►

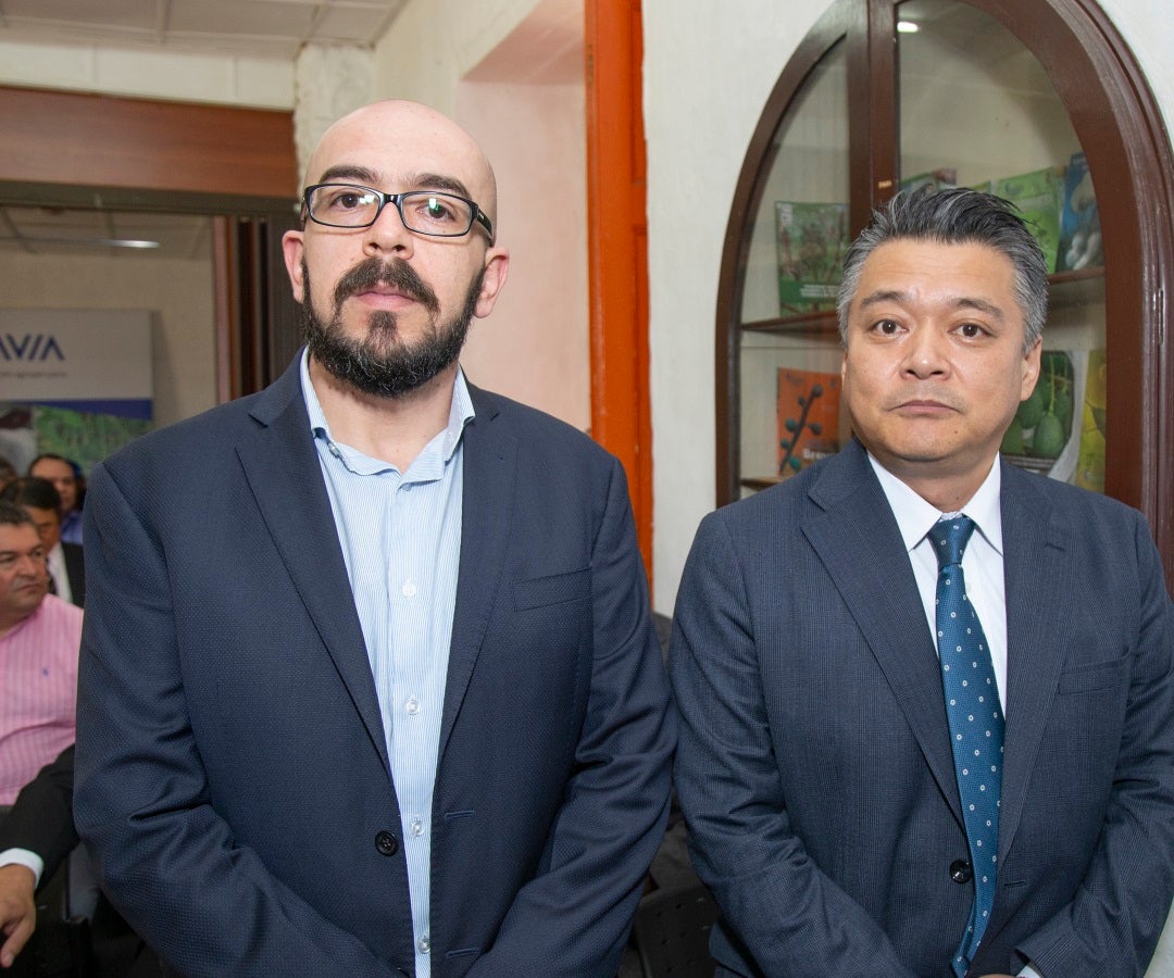 La Corporación de Productores y Exportadores de Aguacate Hass de Colombia (Corpohass) realizó un evento de celebración por el cierre de la negociación de exportación de aguacate Hass a Japón. Al encuentro asistieron empresarios del sector, académicos e investigadores del sector agrícola y funcionarios. En la foto: Jorge Alberto Uribe, vicepresidente de la Junta Directiva de Corpohass; Keiichiro Morishita, embajador de Japón en Colombia; y Ricardo Uribe, miembro de la Junta Directiva de Corpohass.
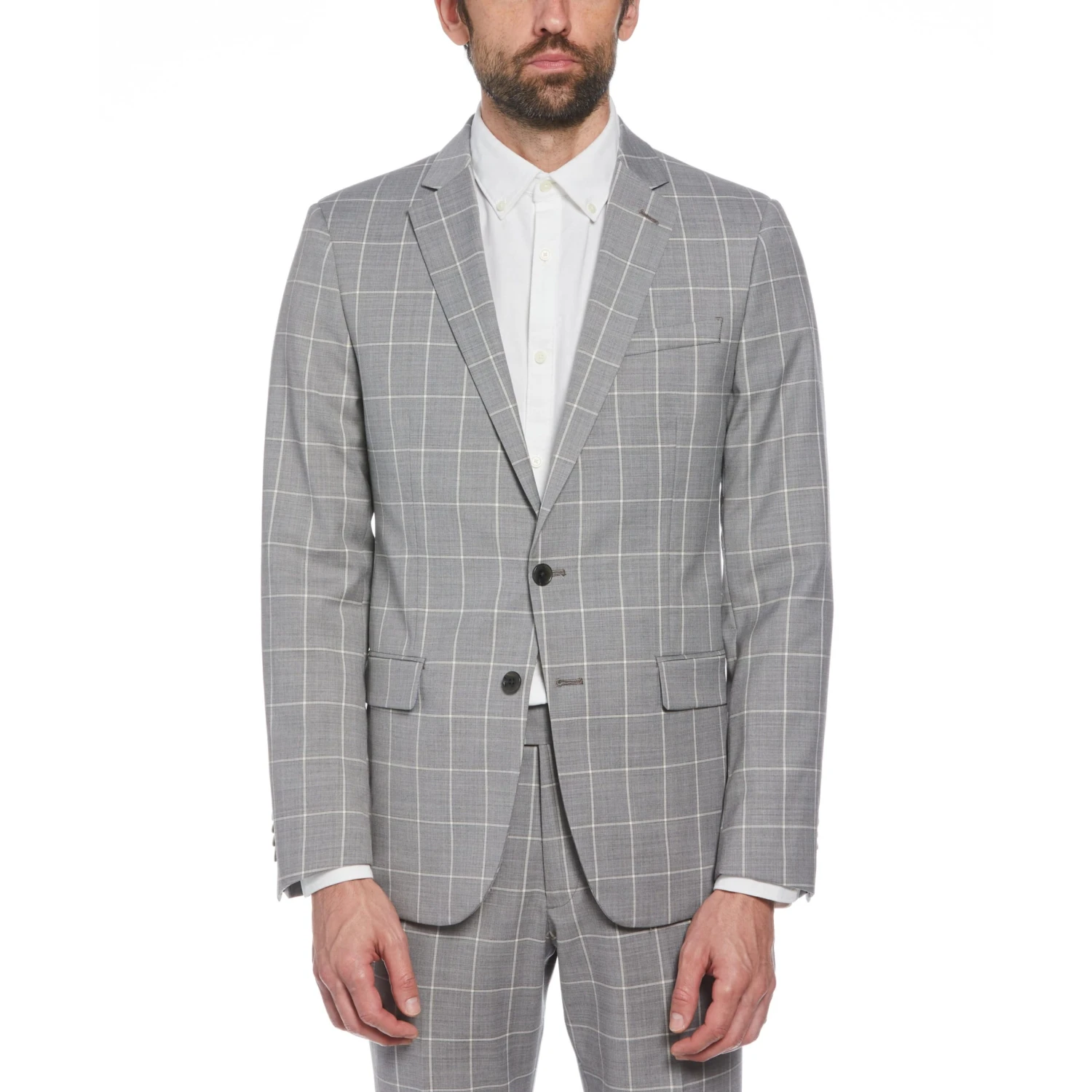 Show off your style with this classic windowpane plaid-printed men’s two-piece suit from Original Penguin. Made from a soft, moisture wicking wool blend jersey fabric, this suit jacket and pant set is perfect for any formal occasion. The jacket is two-buttoned, with notched lapels, a fully lined interior, straight flap pockets, and a welt chest pocket. Four interior pockets keep your essentials secure as you move through your day. The suit pants feature a comfortable stretch waistband, with a hook and bar with button closure and a zipper fly. Two front pockets add even more convenient on-the-go storage. The two-piece suit comes in a light grey color that complements almost any tone with ease.
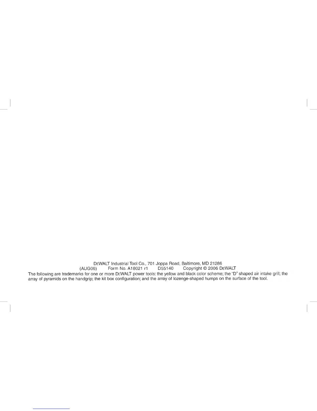 (AUG06) Form No. A18021 rl D55140 Copyright © 2006 DEWALT

◄

* How to complete this task
Once the pictures are set aside, output all of the data above verbatim.

* Answer space
 La Corporación de Productores y Exportadores de Aguacate Hass de Colombia (Corpohass) realizó un evento de celebración por el cierre de la negociación de exportación de aguacate Hass a Japón. Al encuentro asistieron empresarios del sector, académicos e investigadores del sector agrícola y funcionarios. En la foto: Jorge Alberto Uribe, vicepresidente de la Junta Directiva de Corpohass; Keiichiro Morishita, embajador de Japón en Colombia; y Ricardo Uribe, miembro de la Junta Directiva de Corpohass.
 Show off your style with this classic windowpane plaid-printed men’s two-piece suit from Original Penguin. Made from a soft, moisture wicking wool blend jersey fabric, this suit jacket and pant set is perfect for any formal occasion. The jacket is two-buttoned, with notched lapels, a fully lined interior, straight flap pockets, and a welt chest pocket. Four interior pockets keep your essentials secure as you move through your day. The suit pants feature a comfortable stretch waistband, with a hook and bar with button closure and a zipper fly. Two front pockets add even more convenient on-the-go storage. The two-piece suit comes in a light grey color that complements almost any tone with ease.
 (AUG06) Form No. A18021 rl D55140 Copyright © 2006 DEWALT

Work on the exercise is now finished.